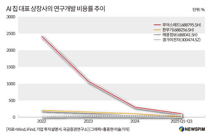 2022년부터 2025년 상반기까지 무어스레드의 연구개발 투자액은 누적 43억 위안을 넘어섰다. 연평균 연구개발 투자금액은 연간 매출액을 상회하면서, 2022년~2025년 상반기 연구개발 비용률은 각각 2422.51%, 1076.31%, 309.88%, 79.33%를 기록했다.
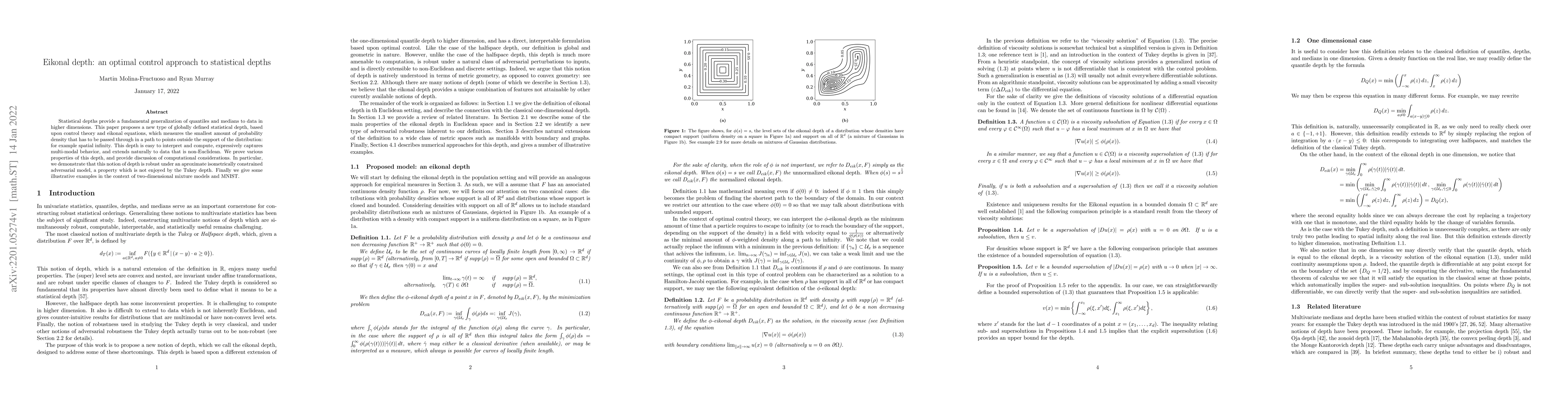 This paper proposes a novel statistical depth measure called eikonal depth, based on optimal control theory, which assesses the minimal probability density traversed to reach a point outside a distribution's support. This depth is robust, interpretable, and extends to non-Euclidean data, with demonstrated applications in mixture models and MNIST datasets.
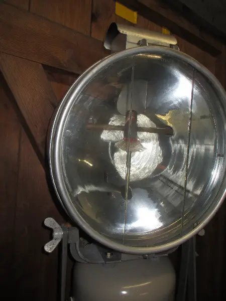Er hat gemäss Reglement eine Lichtstärke von 5'000 Kerzen (zum Vergleich: Eine 40-Watt Birne hat eine Lichtstärke von 18 Kerzen) . Solche Tilley-Scheinwerfer wurden früher auch bei Dampflokomotiven als Frontscheinwerfer eingesetzt.
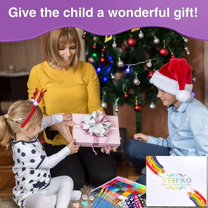 VESPRO Face Painting Kit For Kids Party,32 Colors Professional Oil Face&Body Paint Kit with 10 Brushes 4 Reusable Face Stencils,2 Glitters and 2 Sponges for Kids and Adults Halloween Makeup
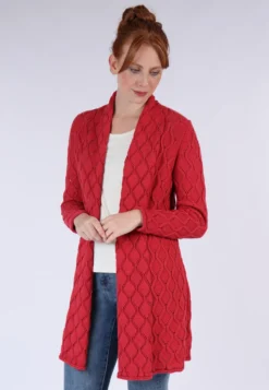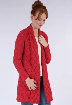 Länge bei Größe M 86 cm. Klassisch-sportiver Schalkragen-Cardigan mit aufwändigem Strickmuster. Optimaler Tragekomfort bietet die verwendete weiche Baumwolle. Die erstklassige Verarbeitung machen diesen langen Cardigan zu einem echten Lieblingsstück.
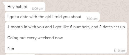 Before working with me Dan Koe was getting 0 dates. After only 4 weeks working together he had the skills to get numerous dates with high quality women. Oh, and he ended up in a relationship too.
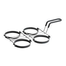 The Tablecraft 1240 4" non-stick egg ring four ring mold with handle will help you achieve more consistent results with less waste! You'll use your grill space more efficiently and also make perfect individual portions for egg sandwiches or omelets, and keep fried eggs from running all over your grill. The Tablecraft 1240 egg ring set cooks up to four perfectly round fried eggs at a time!
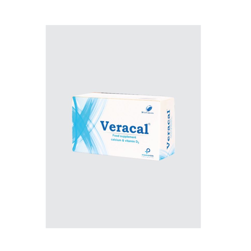 Complément Veracal : Vitamine D3 + Calcium Soutient la santé osseuse et la densité minérale Indiqué chez sujets âgés, femmes ménopausées, grossesse Traitement adjuvant de l’ostéoporose et corticothérapie 1 à 2 capsules/jour avec un verre d’eau Réservé aux adultes et enfants >6 ans
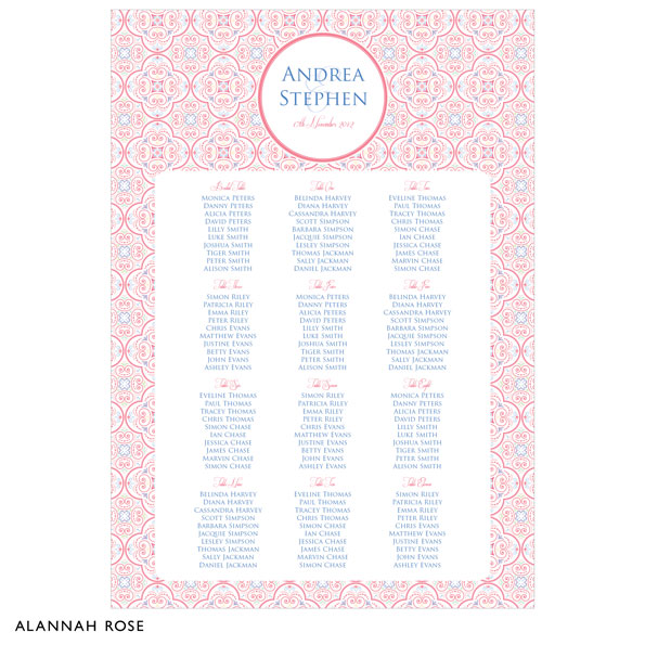 This guest seating chart is the perfect way to help your guests find their table. Choose from our Glossy Poster Stock for insertion into a frame of your choice or order our Self-adhesive Stock, which you can adhere to a solid backing board, such foam board or corflute.

--- --- ---

● **Task to complete**:
Pictures aside, repeat every line of the data above exactly.

● **Response to this exercise**:
 2022년부터 2025년 상반기까지 무어스레드의 연구개발 투자액은 누적 43억 위안을 넘어섰다. 연평균 연구개발 투자금액은 연간 매출액을 상회하면서, 2022년~2025년 상반기 연구개발 비용률은 각각 2422.51%, 1076.31%, 309.88%, 79.33%를 기록했다.
 This paper proposes a novel statistical depth measure called eikonal depth, based on optimal control theory, which assesses the minimal probability density traversed to reach a point outside a distribution's support. This depth is robust, interpretable, and extends to non-Euclidean data, with demonstrated applications in mixture models and MNIST datasets.
Er hat gemäss Reglement eine Lichtstärke von 5'000 Kerzen (zum Vergleich: Eine 40-Watt Birne hat eine Lichtstärke von 18 Kerzen) . Solche Tilley-Scheinwerfer wurden früher auch bei Dampflokomotiven als Frontscheinwerfer eingesetzt.
 VESPRO Face Painting Kit For Kids Party,32 Colors Professional Oil Face&Body Paint Kit with 10 Brushes 4 Reusable Face Stencils,2 Glitters and 2 Sponges for Kids and Adults Halloween Makeup
 Länge bei Größe M 86 cm. Klassisch-sportiver Schalkragen-Cardigan mit aufwändigem Strickmuster. Optimaler Tragekomfort bietet die verwendete weiche Baumwolle. Die erstklassige Verarbeitung machen diesen langen Cardigan zu einem echten Lieblingsstück.
 Before working with me Dan Koe was getting 0 dates. After only 4 weeks working together he had the skills to get numerous dates with high quality women. Oh, and he ended up in a relationship too.
 The Tablecraft 1240 4" non-stick egg ring four ring mold with handle will help you achieve more consistent results with less waste! You'll use your grill space more efficiently and also make perfect individual portions for egg sandwiches or omelets, and keep fried eggs from running all over your grill. The Tablecraft 1240 egg ring set cooks up to four perfectly round fried eggs at a time!
 Complément Veracal : Vitamine D3 + Calcium Soutient la santé osseuse et la densité minérale Indiqué chez sujets âgés, femmes ménopausées, grossesse Traitement adjuvant de l’ostéoporose et corticothérapie 1 à 2 capsules/jour avec un verre d’eau Réservé aux adultes et enfants >6 ans
 This guest seating chart is the perfect way to help your guests find their table. Choose from our Glossy Poster Stock for insertion into a frame of your choice or order our Self-adhesive Stock, which you can adhere to a solid backing board, such foam board or corflute.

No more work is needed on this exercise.